This recorded training provides a general overview of student rights in education. Some information is specific to students impacted by mental health conditions.

The formal content begins about four minutes into the video and ends at about 46 minutes.

Here are a few examples of topics addressed:

  • Does my student have the right to be evaluated for special education if they refuse to go to school because of anxiety?
  • What accommodations are reasonable to ask for?
  • What services might be possible for my student who struggles with emotional regulation?
  • Can counseling be a related service?
  • Are there protections for a student because of suicidal thoughts or attempts?
  • What support is available for a student with a disability condition who isn’t prepared for adulthood because high school got interrupted by the pandemic?

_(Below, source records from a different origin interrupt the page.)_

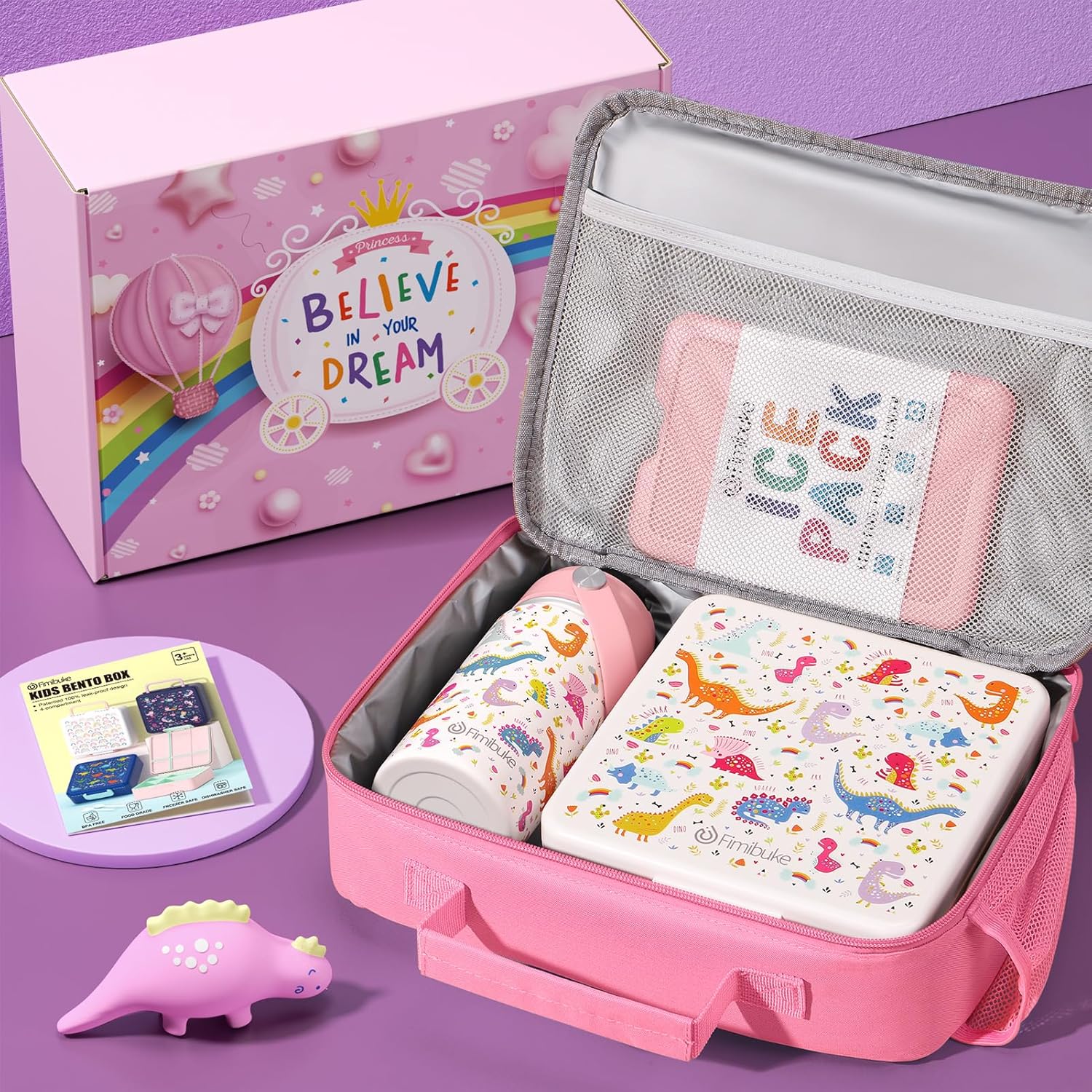Fimibuke Kids Bento Lunch Box with 4 Compartments, Insulated lunch Bag, Stainless Steel Insulated Water Bottle, Ice Pack & Utensils Set, Birthday Gifts for Ages 3-12 Back to School Toddler Girls Boys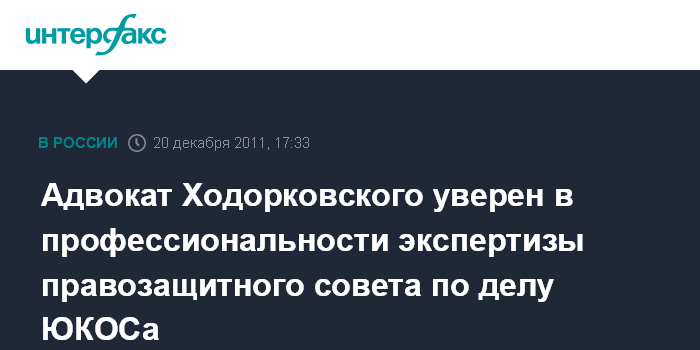 Адвокат Ходорковского уверен в профессиональности экспертизы правозащитного совета по делу ЮКОСа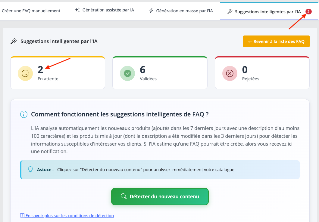 Lorsque l'IA détectera de nouvelles FAQ potentielles, un nombre s'affichera à côté du titre de l'onglet, correspondant au nombre de "contenus" créés ou modifiés sur lesquels l'IA est prête à faire des suggestions de FAQ.

Additional information about mental health education and services at school, the overall layout of youth behavioral health in Washington State, and where to find family support is included in a PAVE article: Mental Health Education and Support at School can be Critical.

To seek education, training, and support from the National Alliance on Mental illness, look for a virtual training or information about a local affiliate near you, listed on the NAMI WA website.

One place to access behavioral health services for children and youth anywhere in Washington is through the Seattle Children’s Hospital Mental Health Referral Service: 833-303-5437, Monday-Friday, 8 a.m. to 5 p.m.

Families and young people can reach out for individualized assistance from PAVE’s Parent Training and Information (PTI) staff at PAVE. Click Get Help or call 800-572-7368.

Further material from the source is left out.